- Goal of the exercise
Leaving the pictures aside, reproduce the data in full and word for word.

- Collected material
* * * *

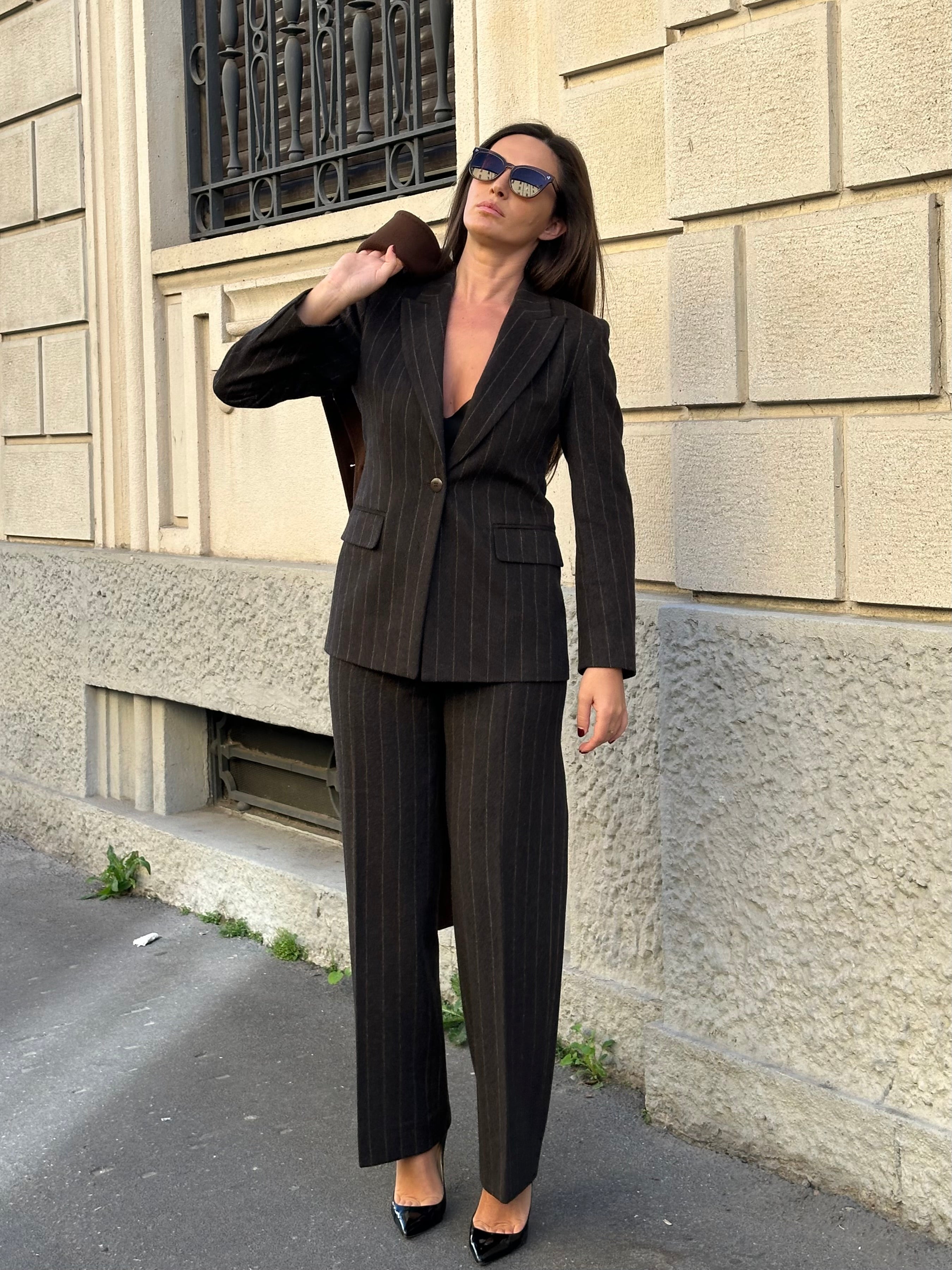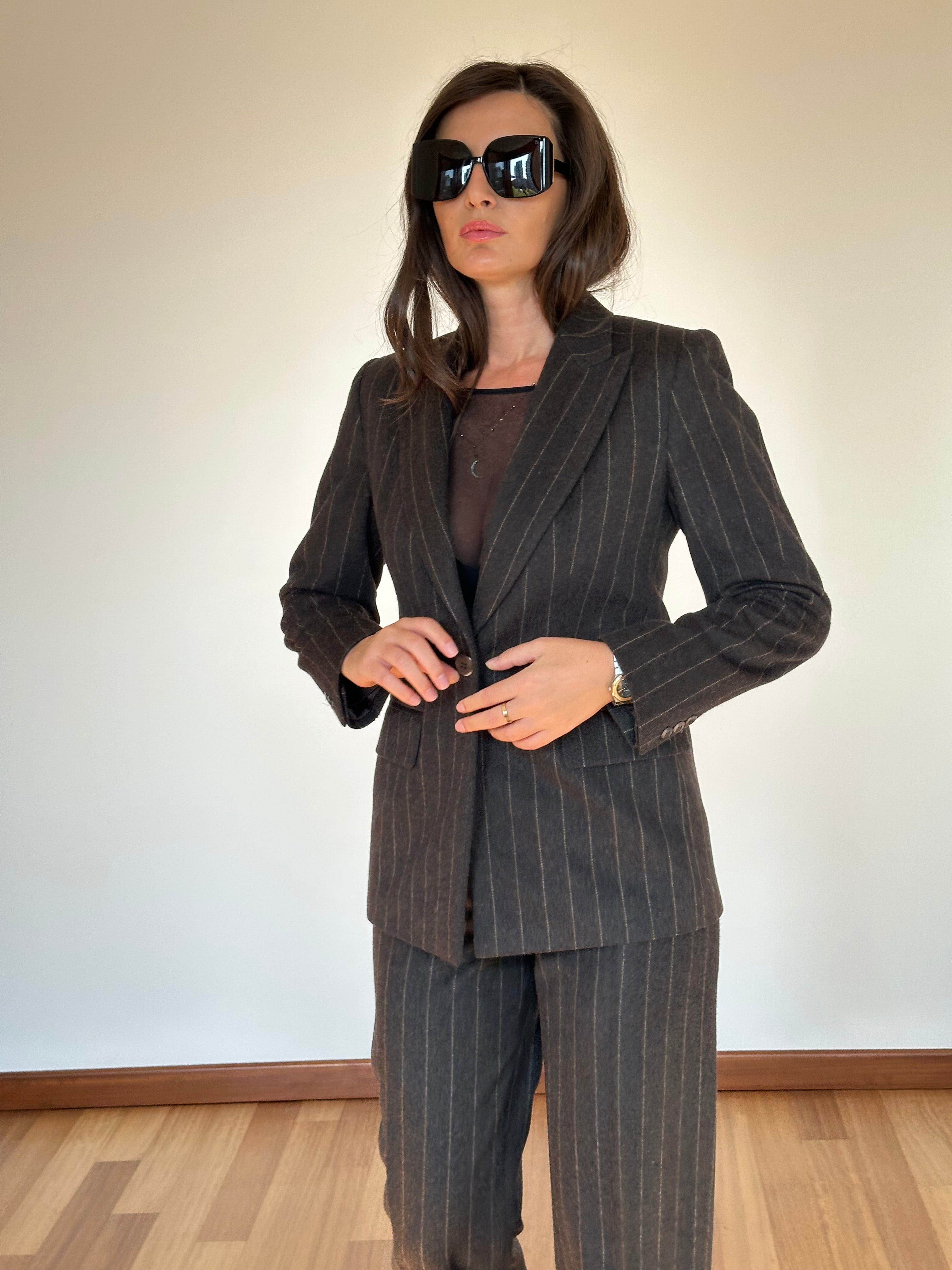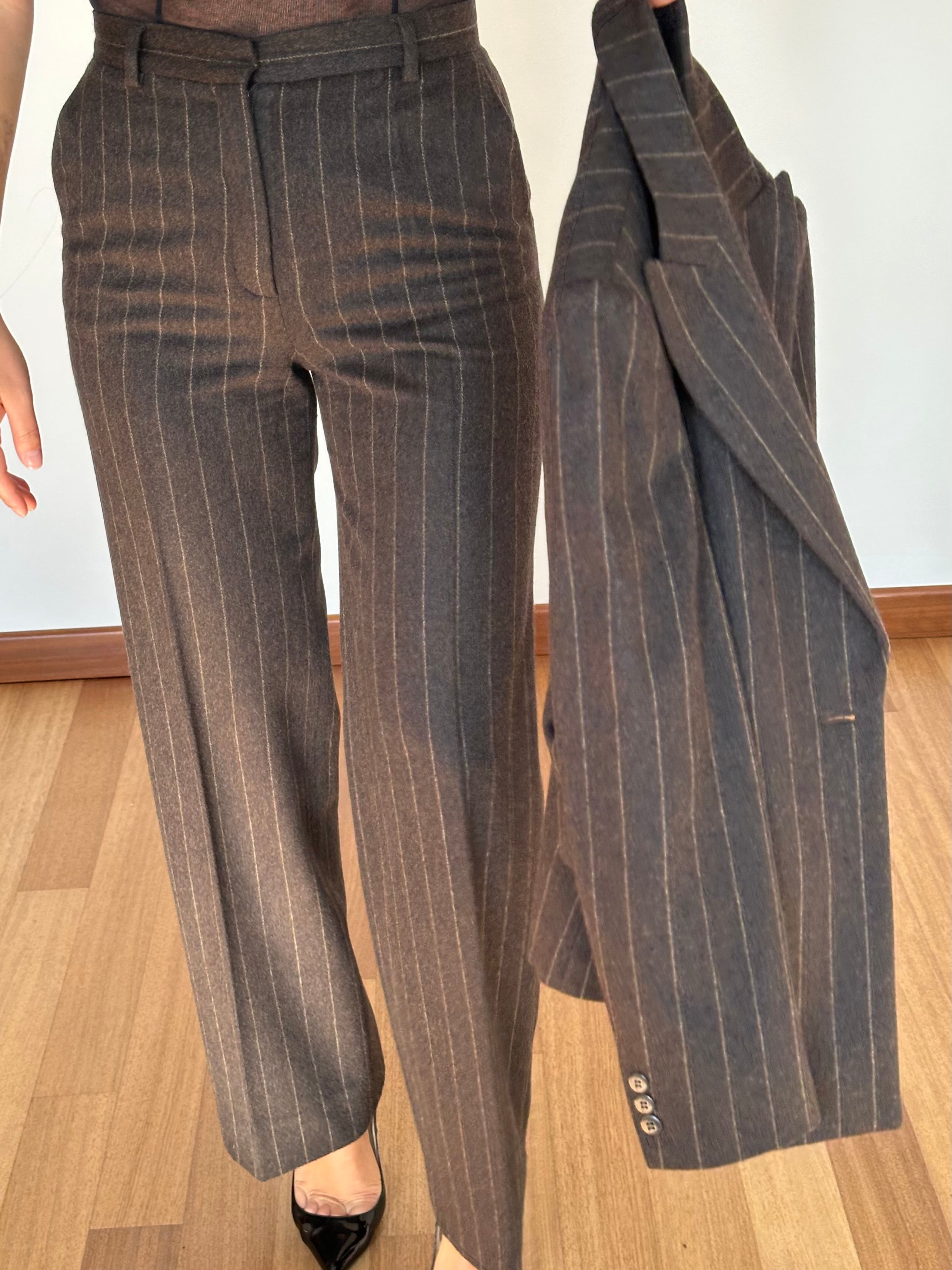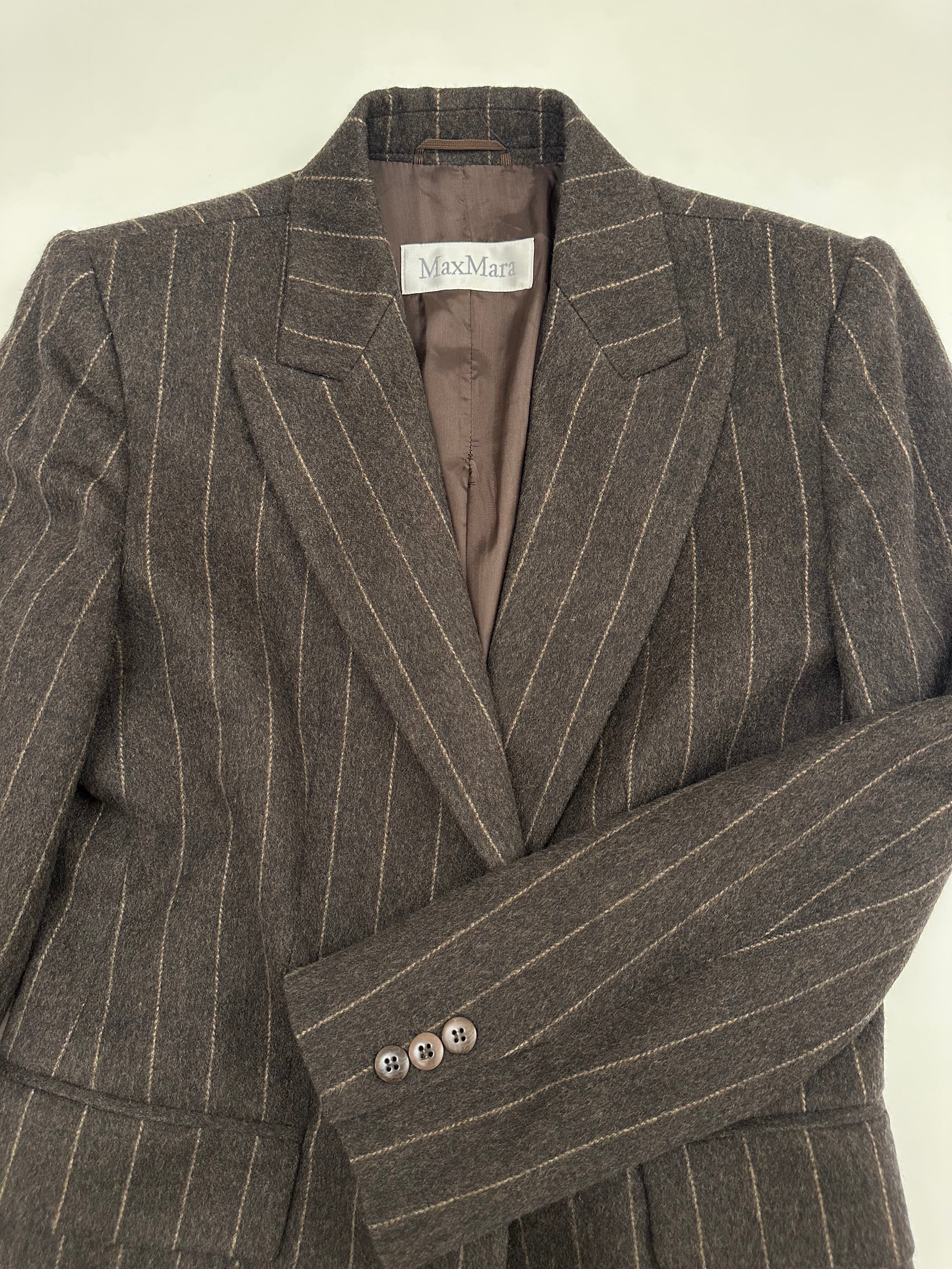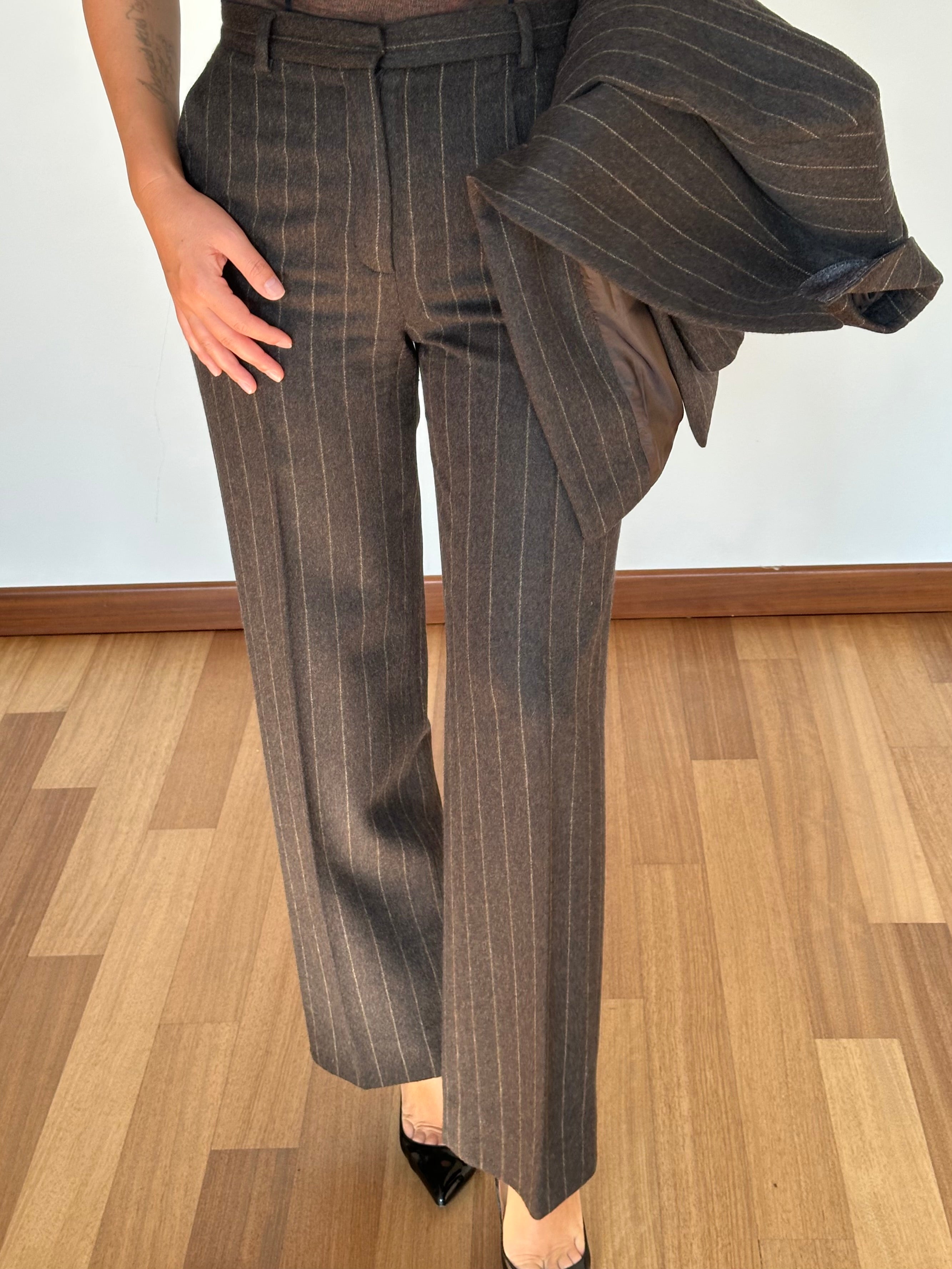 Tailleur Max Mara in 80% lana e 20% angora. Marrone gessato beige. Pantalone e vita alta.
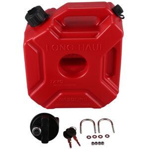 specification: color: red Material: plastic Capacity: 5 liters feature: Made of high hardness plastic, oil resistant, anti-corrosion, anti-static, anti-ultraviolet. Suitable for motorcycle frames. Designed with ventilation holes to prevent negative pressure backflow. Precaution: Mixed liquids must not Package Contents: 1 * fuel tank 1 * Bracket lock with accessories Only the above package content, other products are not included. Note: Light reflection and different displays may cause the color of the item in the picture a little different from the real thing. The measurement allowed error is +/- 1-3cm.
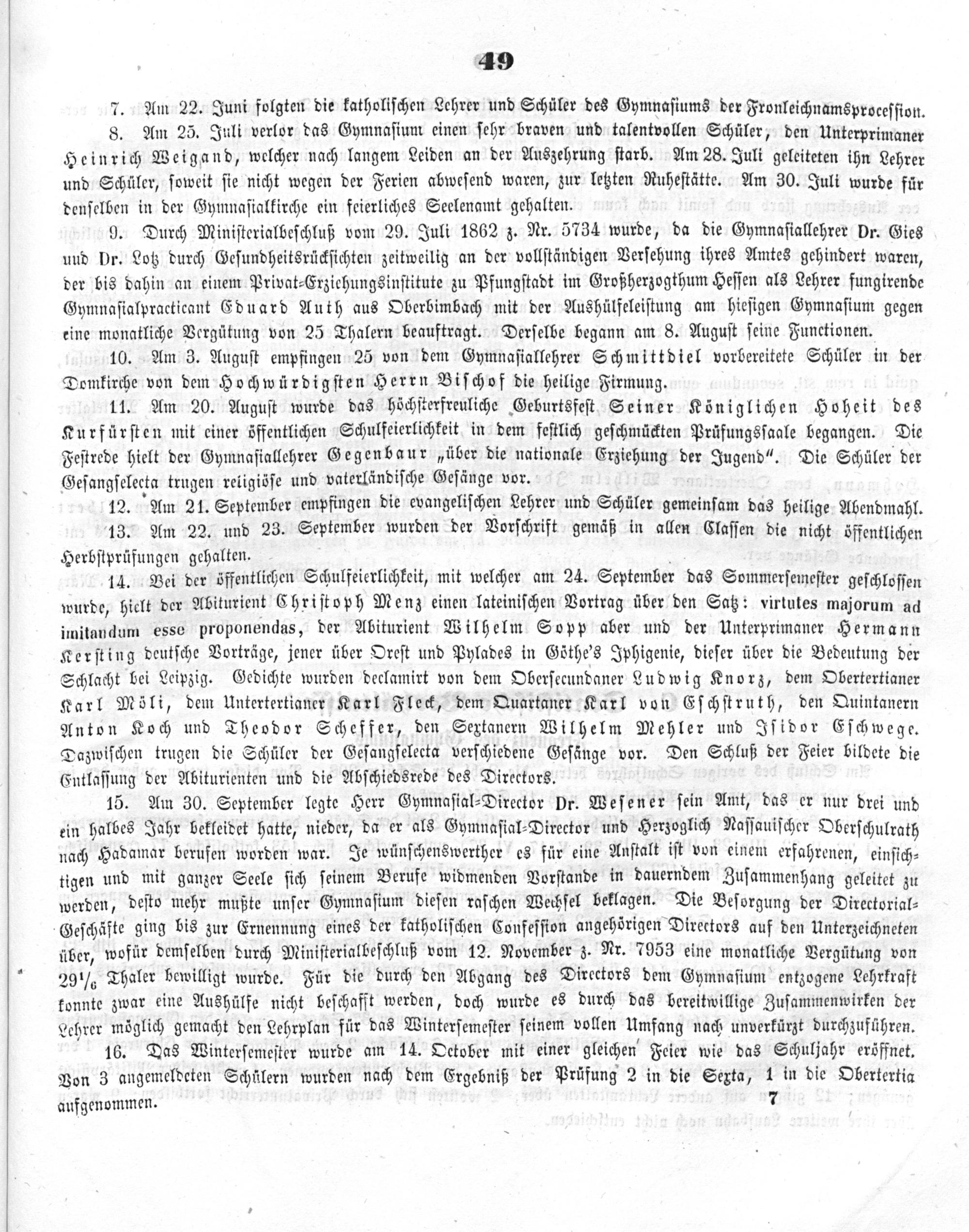9. Durch Miniſterialbeſchluß vom 29. Juli 1862 z. Nr. 5734 wurde, da die Gymnaſiallehrer Dr. Gies uud Dr. Lotz durch Geſundheitsrückſichten zeitweilig an der vollſtändigen Verſehung ihres Amtes gehindert waren, der bis dahin an einem Privat⸗Erziehungsinſtitute zu Pfungſtadt im Großherzogthum Heſſen als Lehrer fungirende Gymnaſialpracticant Eduard Auth aus Oberbimbach mit der Aushülfeleiſtung am hieſigen Gymnaſium gegen eine monatliche Vergütung von 25 Thalern beauftragt. Derſelbe begann am 8. Auguſt ſeine Functionen.

* * * *

- Written reply
 Tailleur Max Mara in 80% lana e 20% angora. Marrone gessato beige. Pantalone e vita alta.
 specification: color: red Material: plastic Capacity: 5 liters feature: Made of high hardness plastic, oil resistant, anti-corrosion, anti-static, anti-ultraviolet. Suitable for motorcycle frames. Designed with ventilation holes to prevent negative pressure backflow. Precaution: Mixed liquids must not Package Contents: 1 * fuel tank 1 * Bracket lock with accessories Only the above package content, other products are not included. Note: Light reflection and different displays may cause the color of the item in the picture a little different from the real thing. The measurement allowed error is +/- 1-3cm.
9. Durch Miniſterialbeſchluß vom 29. Juli 1862 z. Nr. 5734 wurde, da die Gymnaſiallehrer Dr. Gies uud Dr. Lotz durch Geſundheitsrückſichten zeitweilig an der vollſtändigen Verſehung ihres Amtes gehindert waren, der bis dahin an einem Privat⸗Erziehungsinſtitute zu Pfungſtadt im Großherzogthum Heſſen als Lehrer fungirende Gymnaſialpracticant Eduard Auth aus Oberbimbach mit der Aushülfeleiſtung am hieſigen Gymnaſium gegen eine monatliche Vergütung von 25 Thalern beauftragt. Derſelbe begann am 8. Auguſt ſeine Functionen.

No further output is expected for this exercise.